Still others argue that the perils of ethical relativism are overplayed by those with conservative agendas. Gautam Ghosh, an anthropology professor at the University of Pennsylvania in Philadelphia, says students today are weaned on a "default cultural relativism." But he argues that any taboo against evaluating foreign cultures is restricted to public situations. Alone, or even in office hours with Ghosh, these students are less hesitant to judge and blame.

Julie Taylor, at Rice University in Houston, doesn't think Americans censor their judgments even in public. An anthropologist, she says foreigners almost unanimously find Americans quick to moralize - in politics (Clinton saga), in foreign policy (humanitarian issues in China), and in personal relationships.

Taylor says her time abroad helped her recognize how even small American phrases like "how kind of you" reveal a Puritan impulse to see the world in moral terms. She says such language has become more pronounced since the attacks: "What the rest of the world objects to is that Americans feel they have some kind of moral mandate after 9/11."

What is culture, anyway?

All of this heat takes place against the backdrop of another shifting sentiment. It's no longer fashionable to see cultures as giant monoliths, hovering over nations and guiding individual lives like a version of Adam Smith's invisible hand.

Rather, any culture is highly differentiated, with a range of values. Moreover, the argument goes, those who speak for a culture are likely to be those in power - and unlikely to represent a majority in less democratic countries.

President Bush offered a nod in this direction just after the attacks.

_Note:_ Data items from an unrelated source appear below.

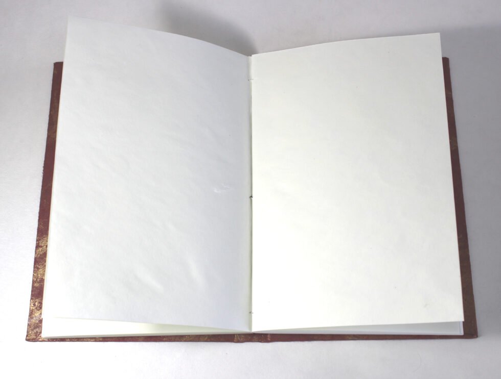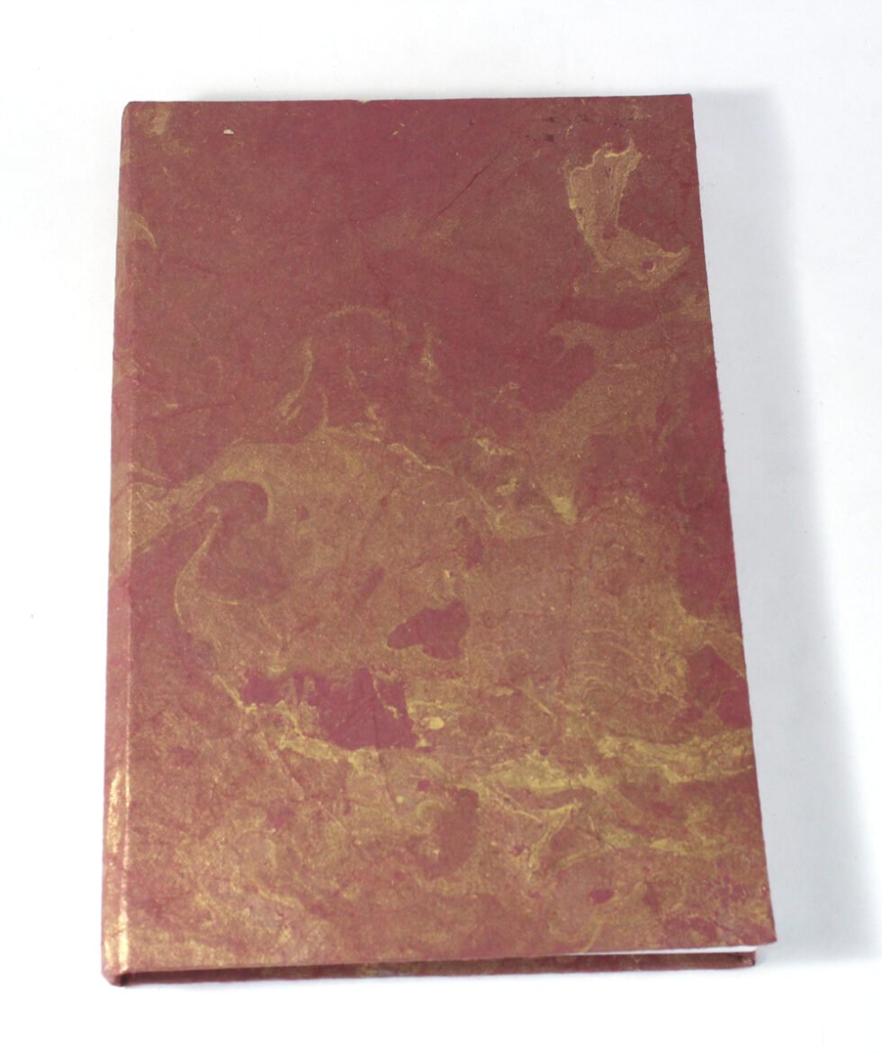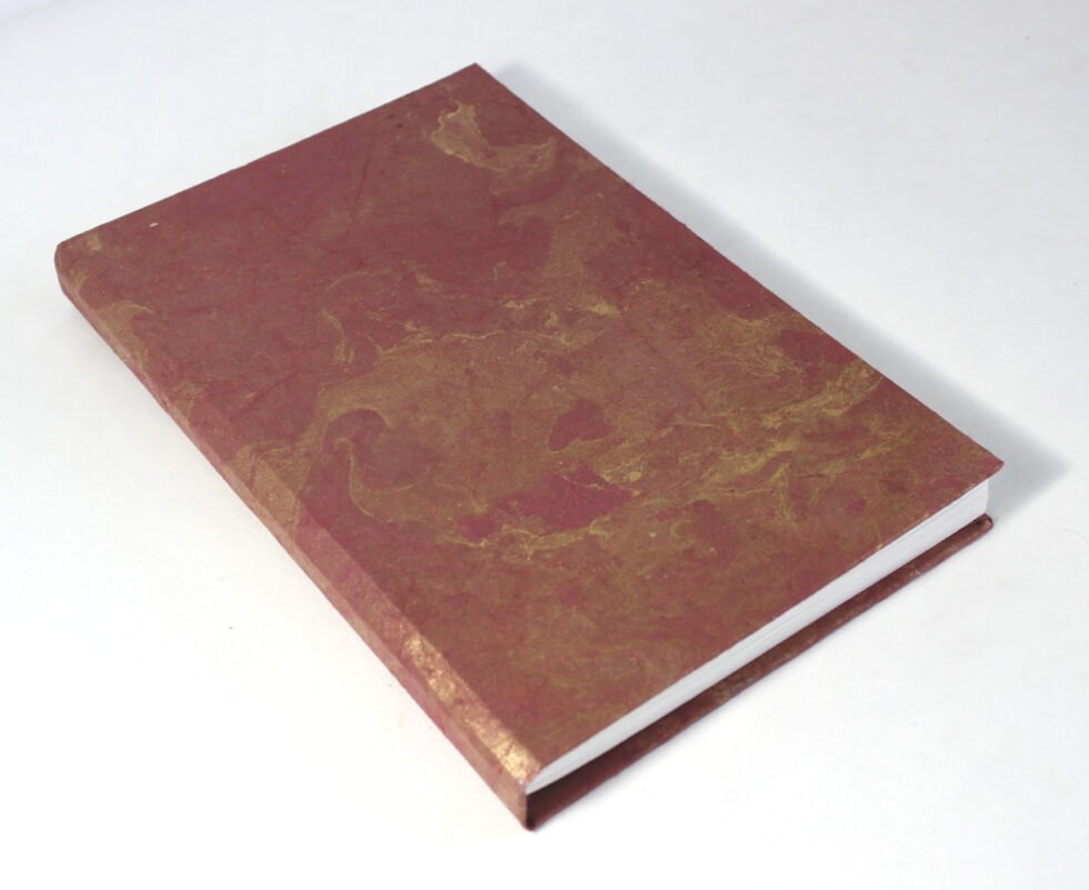 Metallic gold color marble on maroon color sheet as cover. Hard cover notebook with 48 sheets / 96 pages of recycled handmade cotton paper. Hand bound with specialist artisans while the paper is wood free, acid free and never bleeds while using ink pen. Wonderful green life style product – can be branded or customized and excellent teen for personal / corporate gift!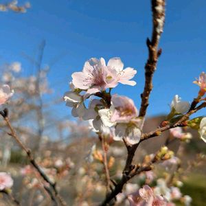 四季桜✨ 12/7名古屋市東谷山フルーツパークにて とてもよい天気だったので、ほぼ白の薄ピンクが青空に映えてここだけ春のようでした😊 🏷️白い水曜日♡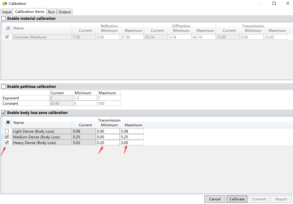 - Enable material calibration. Tick to select the material for calibration, set the Minimum and Maximum Reflection, Diffraction and Transmission parameters.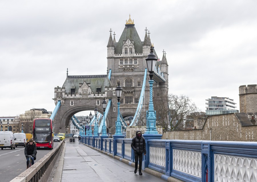 Vehicles and pedestrians are seen on the Tower Bridge in London, Britain, on Jan. 5, 2021. (Xinhua/Han Yan)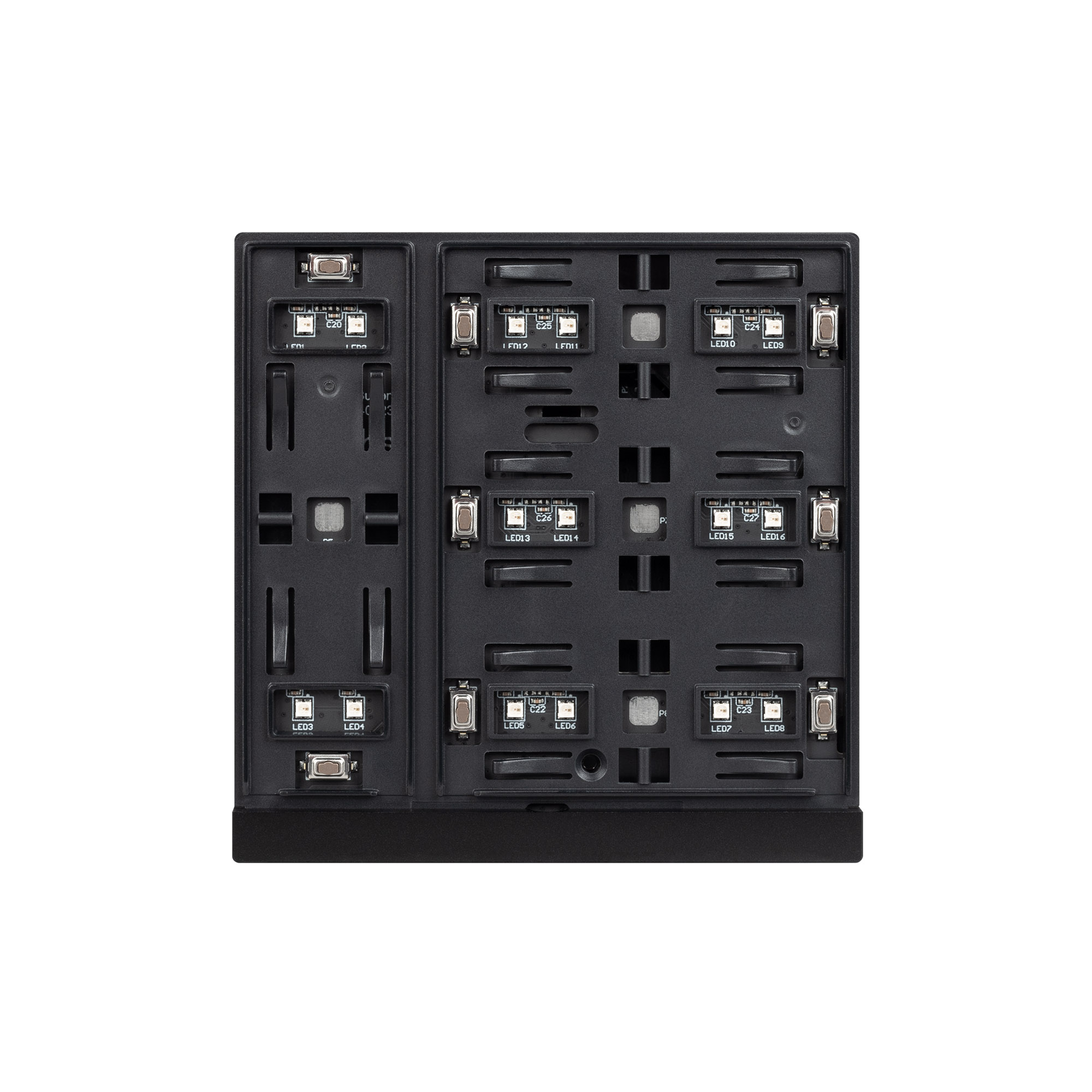 Механизм встраиваемой панели черного цвета с кнопочным управлением, предназначенная для включения и выключения световых сцен в системах управления светом KNX. Позволяет осуществлять включение/выключение, диммирование, управление шторами и жалюзи, управлять сценами. Поддерживает управление с помощью 4 настраиваемых рокерных клавиш. Каждая клавиша может выполнять функции 2-х клавиш. Устройство совместимо с исполнительными устройствами стандарта KNX, в том числе, мировых производителей ABB, SCHNEIDER ELECTRIC, SIEMENS, ZENNIO и другими. Удобное и точное управление при помощи отдельных механических кнопок для каждой функции. Питание от шины KNX. Габариты устройства составляют 86x86x33 мм, установка в стандартную монтажную коробку. Пластиковый корпус, цвет черый, безрамочный корпус, материал - пластик, светодиодная индикация.

Lest the public assume all Arabs and Muslims were of the bin Laden ilk, he cautioned Americans to remember they were fighting terrorism, not an entire culture.

Such generalizing surfaces in more mundane situations, too - such as how certain cultures operate in political or business negotiations.

That troubles Murray Leaf, an anthropology professor at the University of Texas, who says even small judgments - that Japanese, say, are less direct than Americans - are a bad idea. "When you start talking to people," that kind of information is useless, says Professor Leaf, who has spent time in India.

Leaf says people tend to exaggerate differences among cultures, failing to see commonalities. Yet Americans are no different from others in this respect, he stresses. "I find the same range of views of America in India - the same stupid questions and the same smart observations - as I do about India in America," he says.

Some believe such caution can go too far. Norvell DeAtkine, director of Middle Eastern studies at the JFK Special Warfare School in Fort Bragg, N.C., confesses to an "incurable romanticism" for the Middle East. Mr. DeAtkine briefs military students who are to be stationed there.

His primary teaching tool is Raphael Patai's "The Arab Mind," (Hatherleigh Press), a controversial text among scholars who frown on attempts to paint a national personality. But DeAtkine says his troops find the cultural knowledge - everything from how Arabs feel about their language to their sense of time - more than useful, adding that some briefing is better than landing on foreign shores with a blank slate.

Harrison, the Harvard professor, goes further, assigning cultural factors a causal role in some nations' apparent inability to prosper. Some say Harrison's thesis at best overestimates what culture can affect, and at worst smacks of the "Bell Curve."

It's a view that underscores how elusive firm conclusions about culture can be. Indeed, as the guests gather their coats at the end of Harrison's talk, one young man seems particularly unwilling to leave the debate. He invites everyone to a nearby coffee shop to pick up where Harrison left off.